Expanded Health Care: Can the promise be realized?
Expanded Health Care in Massachusetts:
Can the promise be realized?
While meeting many of the long-held goals of health care advocates, Massachusetts' recently enacted health reform law has drawn dire predictions from a number of medical professionals, even while it has side-stepped the broader issue of a single payer plan.
Meanwhile, the legislative debate brought out an unprecedented lobbying effort, as vested interests battled to advance their agendas in the final language of the law. In 2005 alone, more than $7.5 million was spent on everything from splashy public relations to quiet Beacon Hill persuasion. Figures for 2006 are not publicly available but they are sure to add to the record spending. Health care lobbying has become big business in the Bay State.
The good news is that the law expands eligibility for children whose family income is up to 300 percent of the poverty level, and it reinstates dental and eyeglass benefits for adult MassHealth recipients. The law also subsidizes private insurance coverage for residents whose household income is up to 300 percent of the poverty level. And it imposes a financial penalty on employers with 11 or more workers who do not provide health insurance. Employers would be assessed a charge of up to $295 per full time employee, with contributions pro-rated for part time and temporary workers.
Some health professionals argue that the legislature has underestimated the cost of expanding coverage and predict that many of the promises of the new law will never be fully realized. Because the new law does little to control costs, they say, expenses will outrun tax revenues and coverage will be curtailed.
One of the many uncertainties is the bill's "individual mandate" provision which has been portrayed as imposing financial penalties on people above certain income levels who do not purchase health insurance.
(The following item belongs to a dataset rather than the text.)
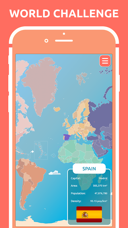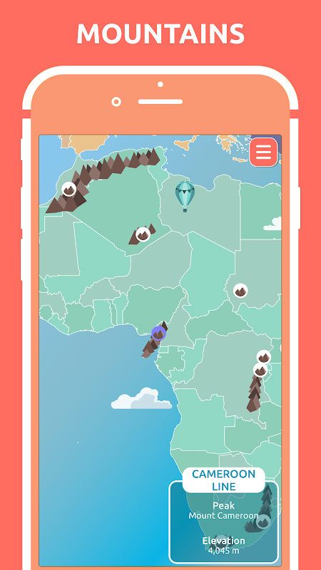 Learn geography the fun way! Countries, flags, mountains, rivers,...

However, the actual language of the law is far less directive. People must have access to health plans that are both "comprehensive" and "affordable," as determined by a new state agency before any penalties would be instated.
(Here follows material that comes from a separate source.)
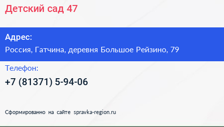 Детский сад №47 по адресу Детский сад № 15, Звёздная улица, Малое Рейзино, Большое Рейзино, Гатчинский муниципальный округ, Ленинградская область, Северо-Западный федеральный округ, 188301, Россия в дальнейшем Организация, размещена в следующих категориях:

(A thoughtful and detailed critique of the Massachusetts law has been prepared by the Boston-based health advocacy organization Community Catalyst and can be found at its web site: www.communitycatalyst.org.)
Massachusetts has expanded health coverage even as national studies show the percentage of uninsured has reached record levels. Americans, you might say, are dying for health insurance. Economist Paul Krugram, writing in the May 1, New York Times, cites a study from the National Academy of Sciences estimating that lack of health insurance leads to 18,000 unnecessary American deaths each year.
Yet, our inadequate system, Krugman writes, "actually costs more to run than we would spend if we guaranteed health insurance to everyone."
Our fragmented, privatized approach squanders more than 20 cents of every health premium dollar on outlays other than medical care, such as marketing, administration and insurance company profits. By comparison, Krugman notes, the single-payer system already in place for older Americans , Medicare, allocates "about 98 percent of its funds on actual medical care."
Here is Krugman's bottom line: Older Americans are already covered by a national health insurance system; extending that system to cover everyone would save money, reduce financial anxiety and save thousands of American lives each year."
Massachusetts has taken a step toward expanding coverage. The next order of business would be moving to a single payer system.